How do I fix my canonical tag?

How do I fix my canonical tag?

There are two main ways to fix canonical issues on a website: by implementing 301 redirects, and/or by adding canonical tags to your site’s pages to tell Google which of several similar pages is preferred. The right option depends on the canonical issue you’re trying to resolve.

What is my Canonical URL?

Canonical URL: A canonical URL is the URL of the page that Google thinks is most representative from a set of duplicate pages on your site. For example, if you have URLs for the same page ( example.com?dress=1234 and example.com/dresses/1234 ), Google chooses one as canonical.

Why do you need a canonical tag in Google?

Canonical tags solve all these issues. They let you tell Google which version of a page they should index and rank, and where to consolidate any “link equity.” Fail to specify a canonical URL, and Google will take matters into their own hands. If you don’t indicate a canonical URL, we’ll identify what we think is the best version or URL .

Which is the canonical URL in Google search?

A canonical URL is the URL of the page that Google thinks is most representative from a set of duplicate pages on your site. For example, if you have URLs for the same page (for example: example.com?dress=1234 and example.com/dresses/1234 ), Google chooses one as canonical.

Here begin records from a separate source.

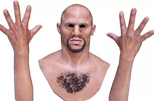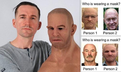 “19: At left: Dr. Rob Jenkins of the University of York holding a silicone mask (photograph by Paul Shields). At right: what I would assume are examples of the test material used in Jenkins’s research (masks again by Real Flesh Masks). In 2019, Dr. Jenkins co-authored the paper, ‘Hyper-realistic face masks: a new challenge in person identification,’ which noted a staggering lack of ability on the part of many participants involved to discern between actual human faces and silicone facsimiles, either in photographs or when presented with real-life masked individuals. With the rapid advance of mask technology over the last half-decade, one suspects our acuity has failed to keep pace with these meagre rates.”
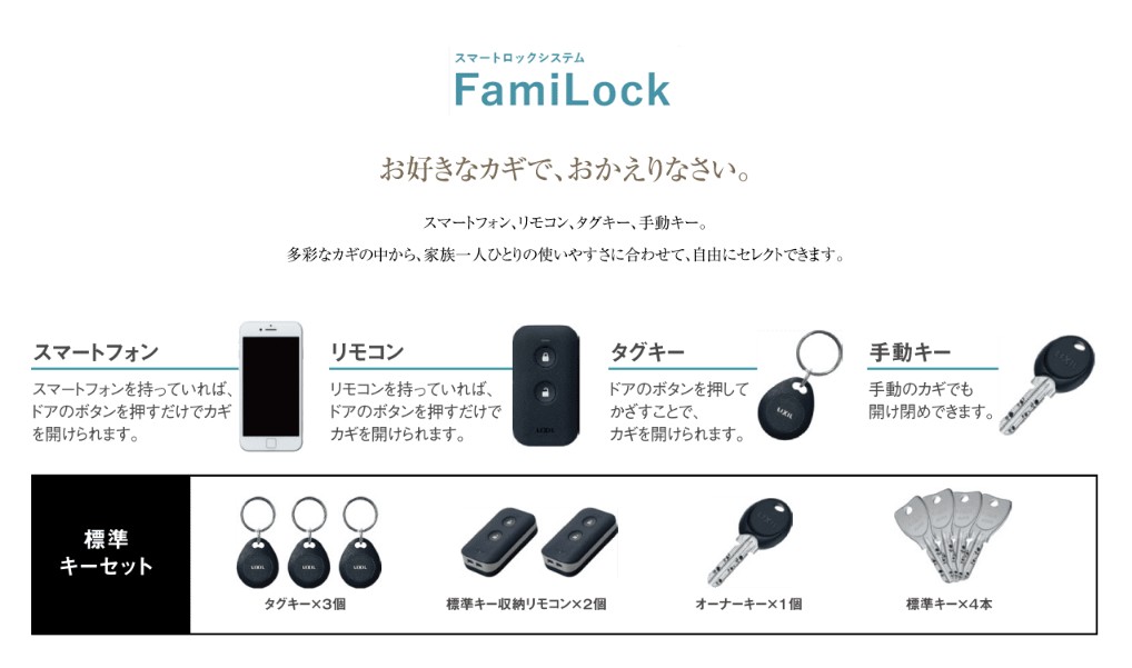 ■全邸宅配BOX採用 ■食器洗い乾燥機、ホーローキッチンパネルなど高品質アイテム採用のキッチン ■安心・操作がしやすく便利な電子キー『Fami Lock』採用
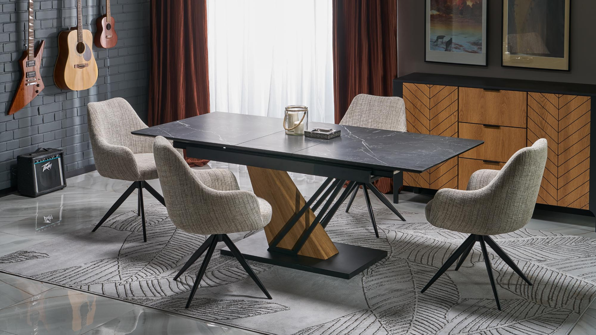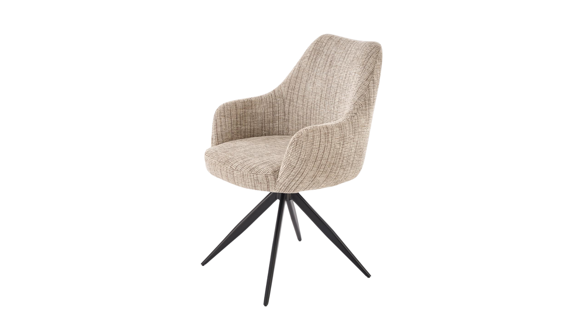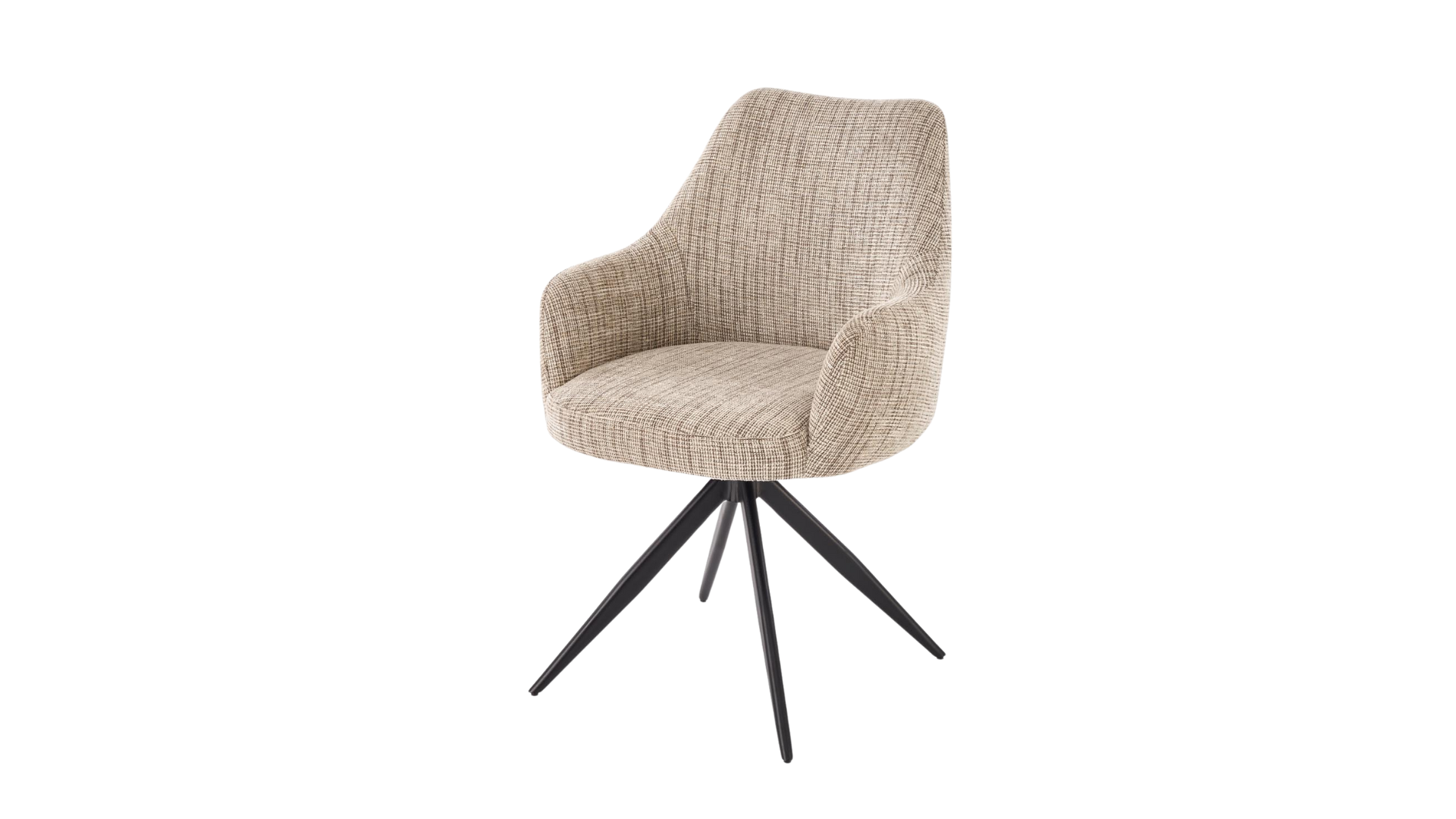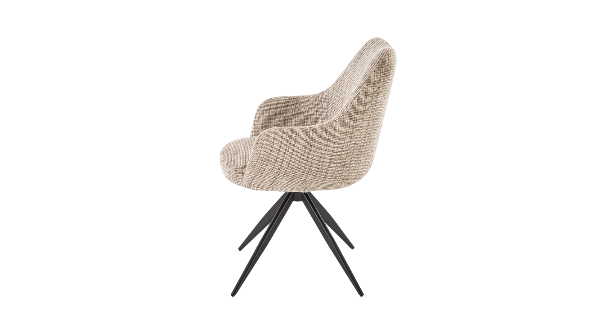 A Torvi szék modern formatervezésével és forgatható funkciójával praktikus és kényelmes választás az étkezőbe vagy a dolgozószobába. Stabil, porszórt acéllábai biztosítják a tartósságot és a stabil ülést. Az ergonomikus kialakítás és a puha, mégis strapabíró szövetkárpit gondoskodik a kényelmes használatról, akár hosszabb időn át is. A bézs és szürke árnyalatok letisztult, elegáns megjelenést kölcsönöznek, így könnyen illeszkedik különféle enteriőrökbe. A Torvi egyszerre praktikus, tartós és modern megoldás minden otthonba.
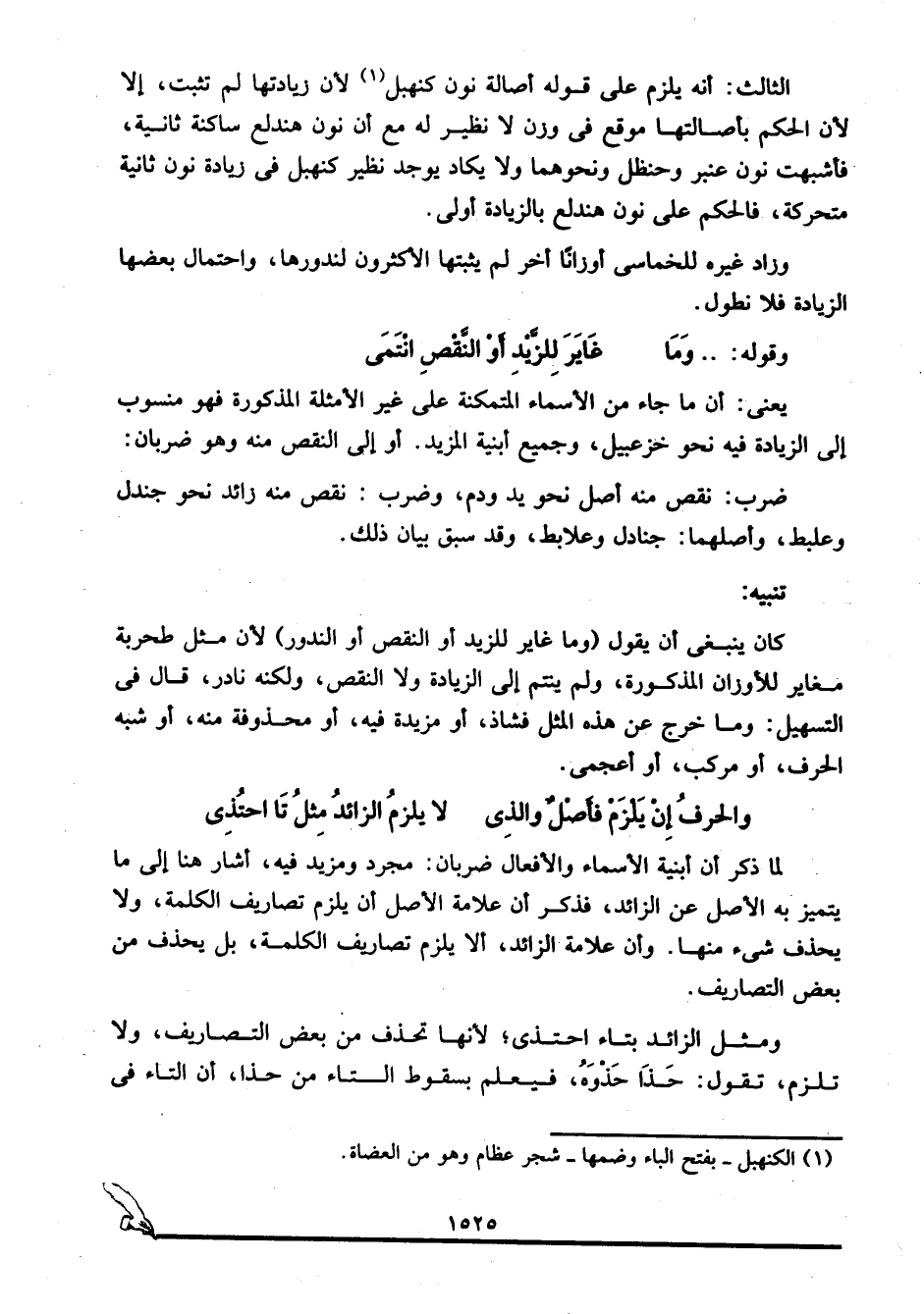 الثالث: أنه يلزم على قوله أصالة نون كنهبل1؛ لأن زيادتها لم تثبت، إلا لأن الحكم بأصالتها موقع في وزن لا نظير له مع أن نون هندلع ساكنة ثانية، فأشبهت نون عنبر وحنظل ونحوهما ولا يكاد يوجد نظير كنهبل في زيادة نون ثانية متحركة، فالحكم على نون هندلع بالزيادة أولى.
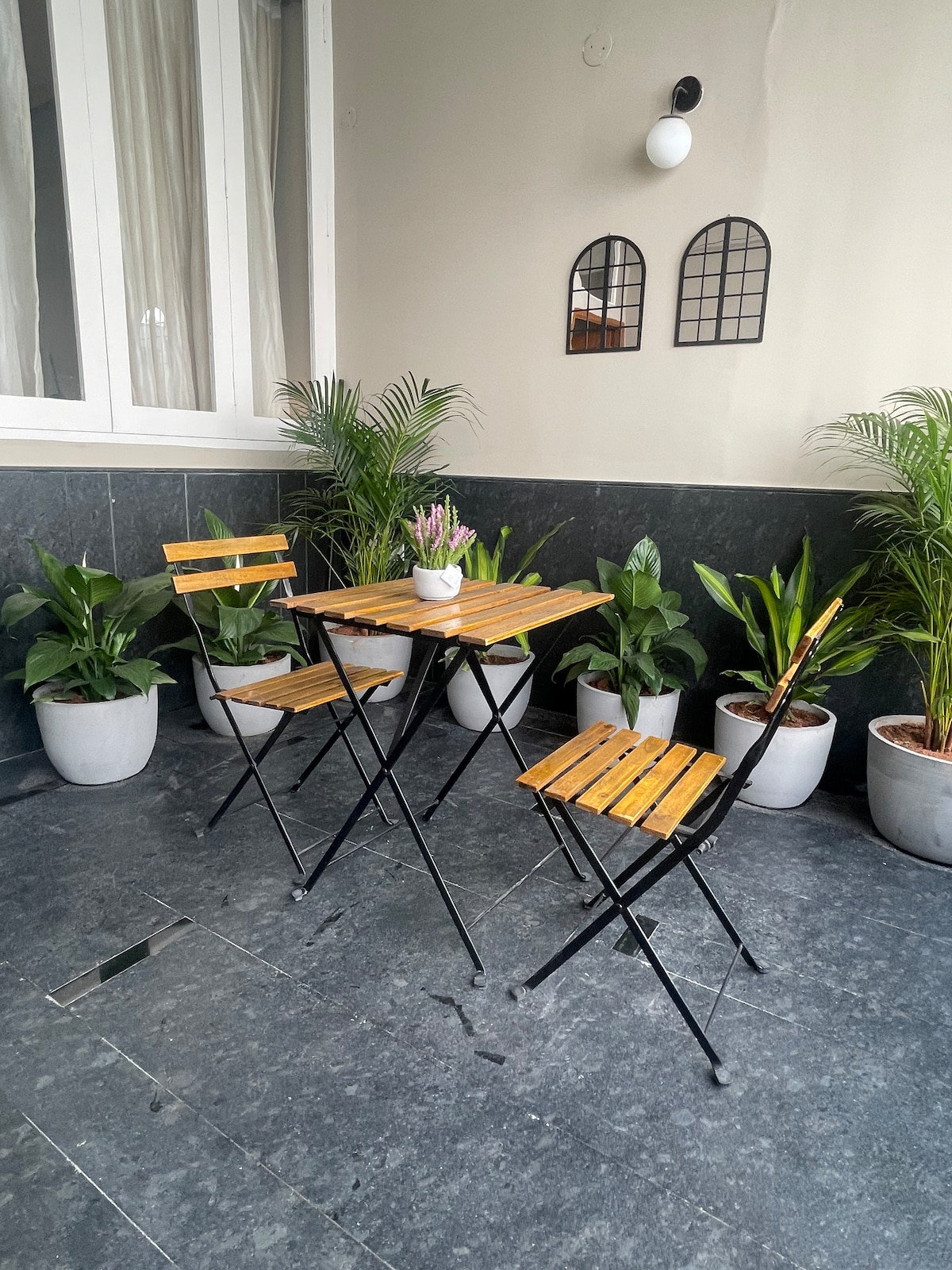 Dobro došli u The Terrace, moderan dvosoban stan u mirnom, zelenom i veoma bezbednom području. Savršeno za porodice, parove i samce. Dom je udaljen 30–35 minuta od aerodroma, sa lakim pristupom Uberu, Oli i obližnjim restoranima. Sve glavne aplikacije za dostavu hrane rade bez problema i rado ćemo podeliti naše najbolje preporuke. Nalazite se na 20–25 minuta od tržnog centra GVK, na 2 minuta od najbliže bolnice, odmah pored prelepog parka za jutarnje ili večernje šetnje. Samostalna prijava za potpunu praktičnost tokom boravka.
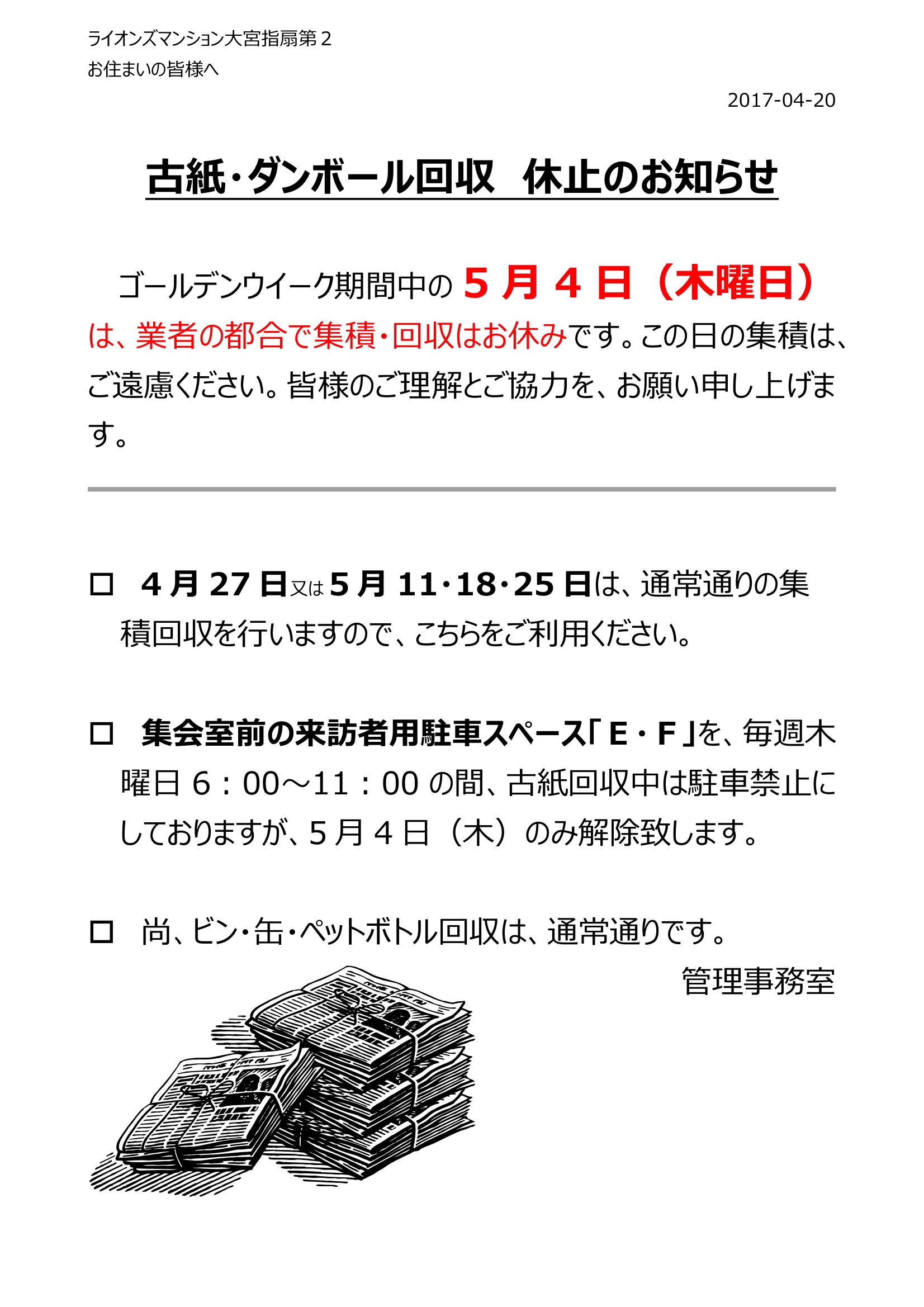 5月4日(木)古紙回収お休み
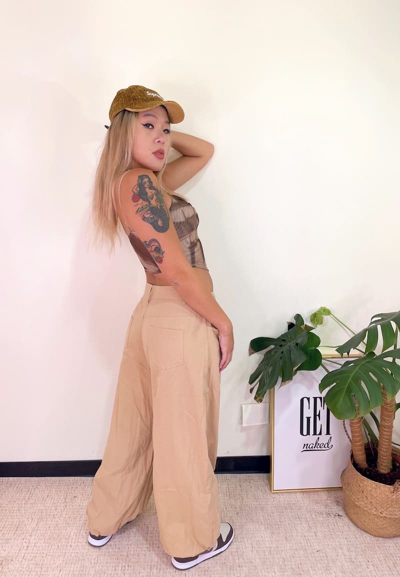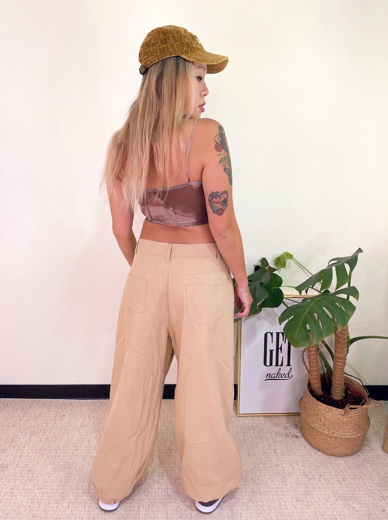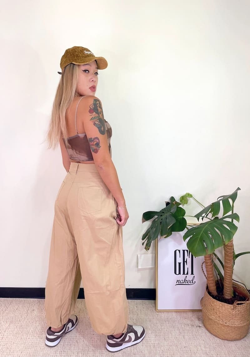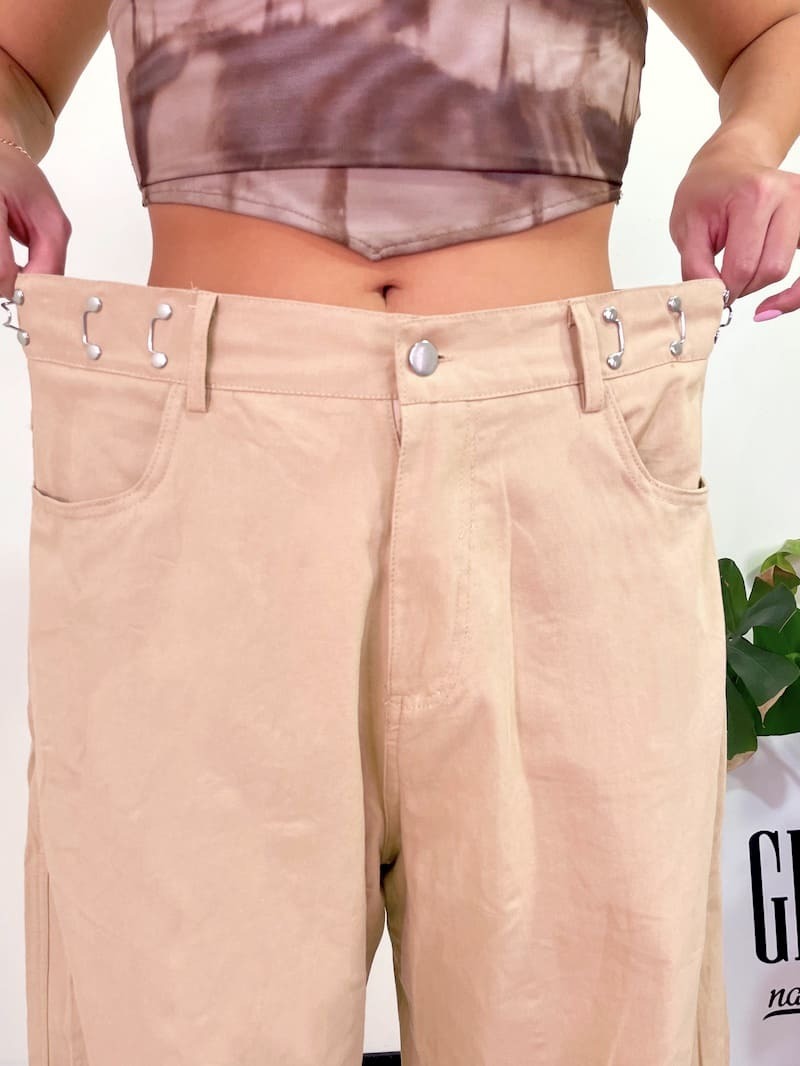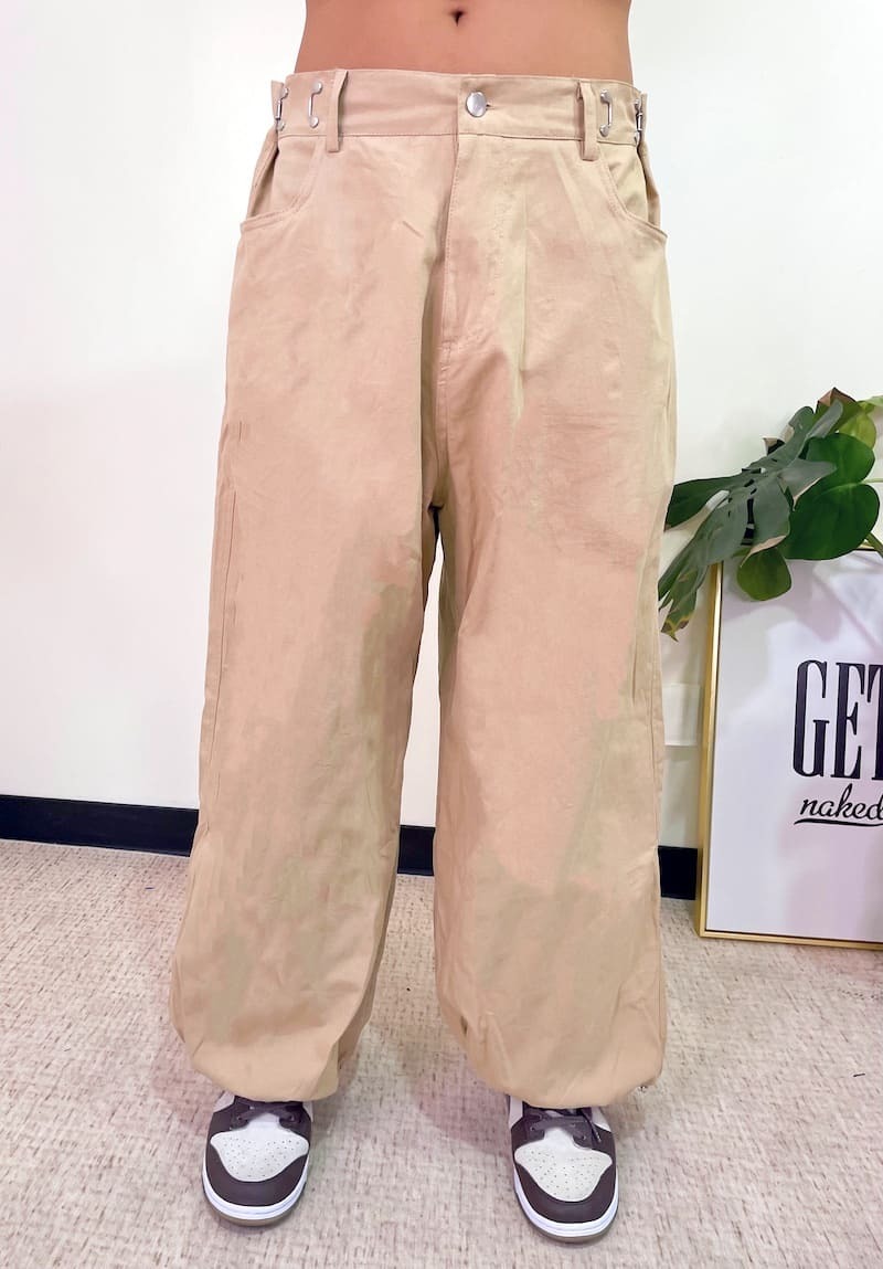 腰圍部分扣緊變高腰褲,不扣變嘻哈寬褲

Can a canonical tag pull up a page?

Even if you have one page, sometimes there are different variations of the URL that can pull that page up. For example, with parameters in the end, perhaps with upper lower case or www and non-www. All of these things can be kind of cleaned up with a rel canonical tag.

When to not canonicalize pages in different languages?

Canonicalize pages in different languages to the primary page for that language. If you publish multiple versions of your pages/content in different languages, don’t canonicalize pages in, say, German to pages in English. Canonical German pages to the main page written in German even if you would consider the English version your primary page.